Sonra o mavi Körfez, korkunç bir süratle leş kokulu bir bataklığa dönüştü. Birkaç yıl öncesine kadar, eğer yolda uyumuşsam, Körfez’in kokusundan uyanır, memlekete geldiğimi anlardım.

Şimdilerde Körfez’de, yunus değilse de çipuralar fink atıyor.

Sırf bu bile, Ahmet Piriştina’nın işinin hakkını vermiş ve bunca sevilmeyi, rahmet dualarıyla uğurlanmayı hak etmiş bir insan olduğunu kanıtlamaya yetiyor.

Canım İzmir, yine bir yaza ağlayarak giriyor.

İyiler hep mi erken gider? Neden hep iyiler erken gider?

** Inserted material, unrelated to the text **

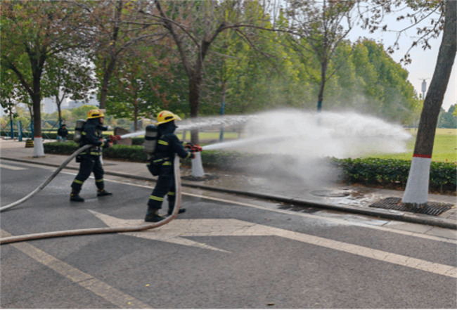 演練前,消防員首先對(duì)食堂餐飲服務(wù)人員、物業(yè)服務(wù)人員、校衛(wèi)隊(duì)員等一線值班員進(jìn)行了滅火器、滅火毯、過(guò)濾式消防自救呼吸器、消防水帶等消防設(shè)施的使用方法和日常工作、生活中應(yīng)知應(yīng)會(huì)的消防安全知識(shí)培訓(xùn),并展示了消防水槍、消防服等消防設(shè)施的功能。

Adaletin bu mudur be kader?

Not: Gelir gelmez muhabbete böyle bet bir tondan girmek istemezdi gönül ama n’eylersiniz ki ahvalimiz budur... Ayrıca korkarım rutine ve normale avdet etmem biraz zaman alacağı için bu Çeşme muhabbeti birkaç gün sürecek. Yarın itibarıyla da yediklerimizden, içtiklerimizden, gördüklerimizden dem vurmamız farz; şimdiden duyurulur...

Asparagas

Reha artık araftan bildirsin diyorum

Kurşunlandıktan sonra, hastanede, acil serviste gözünü açtığında karşısında Reha Muhtar’ı gören ve ‘Eyvah, cehenneme geldim,’ diye düşündüğünü söyleyen; daha sonra Reha Muhtar’ın ‘Nasılsın birtanem?’ diye sorup yüzünü okşamasıyla hayatta olduğunu anlayan, ‘yaşadığını hisseden’ Ahmet Çakar, Reha Muhtar’ın bundan böyle araftan bildirmesinin iyi bir fikir olabileceğini belirtti: ‘Biz bugüne dek Reha’nın ulvi tarafını görmemişiz. Ben diyordum zaten, bu adamda ille ki dünyevi olmayan, adı konulamaz bir şey var. O günden beri, haftada en az iki gece, uzun bir köprünün ucunda Reha’yı görüyorum, elini uzatıp gülümseyerek beni okşuyor. Gerçi eşim Reha’nın belirdiği ışıklı álemin TV ekranı, o köprünün de Akademi Türkiye’de finalistlerin geçtiği bir stüdyo mahali olduğunu söylüyor ama işin doğrusunu ben biliyorum. Göreceksiniz, Reha yakında araftan bildirecek. O ‘her nerede yaşıyor ve yaşatılıyorsan’ lafı nafile türememiş yani. Her şeyin hikmetine şimdi erdim ama ah, kimselere anlatamıyorum.’